Sec. Director: North Korea Prepping EMP Attack on U.S. Using Satellites


With the belligerent talk and threats coming from North Korea, attention has been directed to that nation’s two satellites currently in orbit and what their function might be. While North Korea could not defeat the U.S. in a war, could they inflict serious damage to the U.S. from their satellites, or others they might choose to launch?

Dr. Peter Vincent Pry is executive director of the Task Force on National and Homeland Security and is the chief of staff of the Congressional EMP Commission.

Speaking on this reporter’s [Aaron Klein’s] talk radio program, Pry pointed to two North Korean satellites that are currently orbiting the U.S. at trajectories he says are optimized for a surprised EMP attack.

He warned: “They are positioning themselves as sort of a nuclear missile age, cyberage version of the battleship diplomacy in my view. So that they can always have one of them (satellites) very close to being over the United States or over the United States.

“Then if a crisis comes up and if we decide to attack North Korea, Kim Jong Un can threaten our president and say, ‘Well, don’t do that because we are going to burn your whole country down.’ Which is basically what he said. I mean, he has made threats about turning the United States into ashes and he connected the satellite program to this in public statements to deter us from attacking.”

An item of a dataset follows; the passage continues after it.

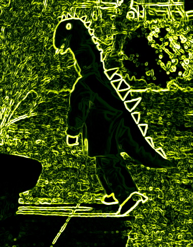 Zgoraj sem se malo poigrala z novimi funkcijami v Picassi. Tako tiranozaver zgleda strašljivo, sicer pa je bil zelo nežen in ljubeč. Kot vedno.

So the question is whether those satellites actually are bombs that could be detonated above the U.S. to create an electromagnetic pulse (EMP) that would knock out electronics over a wide portion of the country.

“I think what they are mainly going for is the unhardened electric grid,” Pry surmised. “Transportation, communications, all of the other civilian critical infrastructure that we depend upon to keep our population alive.”

What Pry is suggesting is that North Korea could be borrowing from part of a Soviet Cold War era plan to attack the U.S. with an EMP weapon.

“During the Cold War, the Russians had a secret weapon they called a fractional orbital bombardment system,” he explained. “And the idea was to do a surprise EMP attack against the United States by disguising a warhead as a satellite. Because a satellite trajectory is different from an ICBM trajectory that is aiming to go into a city.

So the whole attack would be to use deception. In this scenario, North Korea would launch a missile on a trajectory that indicated it was sending up a satellite, which it would be, except that when in orbit over the U.S. the thing would be detonated releasing an EMP.

This puts a different spin on the recent missile test by North Korea that was termed a failure.

“The April 29 missile launch looks suspiciously like practice for an EMP attack,” Pry wrote. “The missile was fired on a lofted trajectory, to maximize, not range, but climbing to high-altitude as quickly as possible, where it was successfully fused and detonated — testing everything but an actual nuclear warhead.”

If this theory is correct, then it becomes even more imperative that North Korea not develop nuclear weapons that are small enough to put on a rocket and send into space. With that thought it mind, it’s clear the U.S. intelligence services have their work cut out for them.